Os números mostram que 90% dos temas mais acessados utilizam técnicas de familiaridade, sendo que o departamento de Recursos Humanos esteve presente em 45% dessas mensagens. Além disso, 66% das simulações de phishing utilizaram falsificação de domínio para aumentar a veracidade do remetente. O uso de marcas corporativas em páginas de destino — tática para conferir legitimidade ao ataque — esteve presente em 70% das interações registradas.

Erich Kron, consultor CISO da KnowBe4, destaca que a repetição desses padrões trimestre após trimestre sinaliza uma vulnerabilidade comportamental persistente. De acordo com o executivo, “quando uma mensagem parece rotineira, como algo do RH ou do TI, os usuários tendem a questioná-la menos”. O foco dos ataques reside em entender o comportamento humano para burlar protocolos de segurança técnica por meio da engenharia social.

Por que o RH tornou-se um alvo estratégico?

O setor de RH é visto como a voz oficial da companhia, sendo responsável por comunicados críticos como atualizações de benefícios e mudanças em políticas organizacionais. Por possuir acesso direto a toda a força de trabalho e desfrutar de alta legitimidade, o departamento torna-se o disfarce ideal para criminosos. O objetivo é induzir o colaborador a clicar em links maliciosos sob o pretexto de uma urgência administrativa ou atualização cadastral.

A exploração de mecanismos psicológicos, como a confiança na hierarquia, é o primeiro passo para o sucesso de uma invasão. Criminosos utilizam a autoridade intrínseca ao RH para solicitar dados sensíveis ou instalar softwares maliciosos nos terminais dos funcionários. Compreender essa dinâmica é fundamental para que as empresas fortaleçam sua cultura de segurança e mitiguem riscos de vazamento de dados que podem comprometer a operação.

Kron reforça que a gestão do risco não deve se limitar apenas ao treinamento técnico, mas focar na mudança de comportamento real dos funcionários. Conforme pontua o consultor, “o fato de essa tendência se repetir mostra que não se trata apenas de enganar os usuários, mas de entender o comportamento humano. A plataforma aborda o treinamento para construir uma resiliência duradoura”. A meta é transformar o colaborador em uma camada de defesa ativa.

Como proteger a organização dessas ameaças?

O fortalecimento da cultura de segurança exige que o RH e o TI trabalhem em conjunto na educação contínua das equipes. Isso inclui simulações periódicas e a instrução sobre como identificar elementos suspeitos em comunicações internas aparentemente legítimas. Em 2026, a resiliência cibernética de uma organização depende diretamente da capacidade da sua força de trabalho em tomar decisões de segurança inteligentes no cotidiano.

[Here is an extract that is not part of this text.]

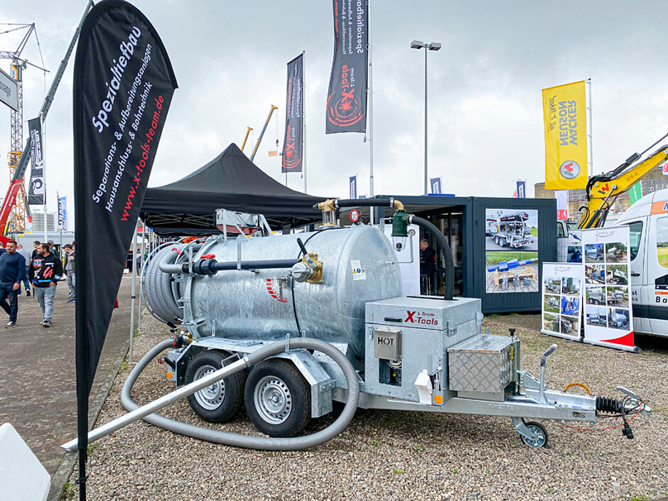 Das ausgestellte mobile Vakuumsystem M-VAC von ALTRO-Tec, ein mobiles VakuumSaugSystem mit 3,5 t-Fahrgestell, ist die richtige Lösung für jeden Anwendungsbereich. Es eignet sich zum Aufsaugen und Transport verschiedenster, nicht brennbarer Flüssigkeiten, wie Bentonit, Bohrspülung, Schlamm, Klärschlamm und vieles mehr ...

A adoção de tecnologias de IA agêntica surge como um suporte para gerenciar o risco humano de forma proativa. Essas ferramentas ajudam a monitorar padrões de comportamento e a personalizar o treinamento conforme a vulnerabilidade específica de cada setor ou nível hierárquico. O objetivo final é reduzir drasticamente a taxa de cliques em links maliciosos e proteger a integridade dos sistemas contra ataques cada vez mais sofisticados.

A gestão do risco humano tornou-se uma prioridade estratégica para o RH moderno, que agora lida diretamente com a proteção da infraestrutura digital. Ao integrar a cibersegurança à rotina de treinamento e desenvolvimento, as empresas conseguem reduzir o impacto de ameaças externas de forma sustentável. A proteção dos dados organizacionais passa, obrigatoriamente, pela desconstrução da confiança cega em mensagens rotineiras.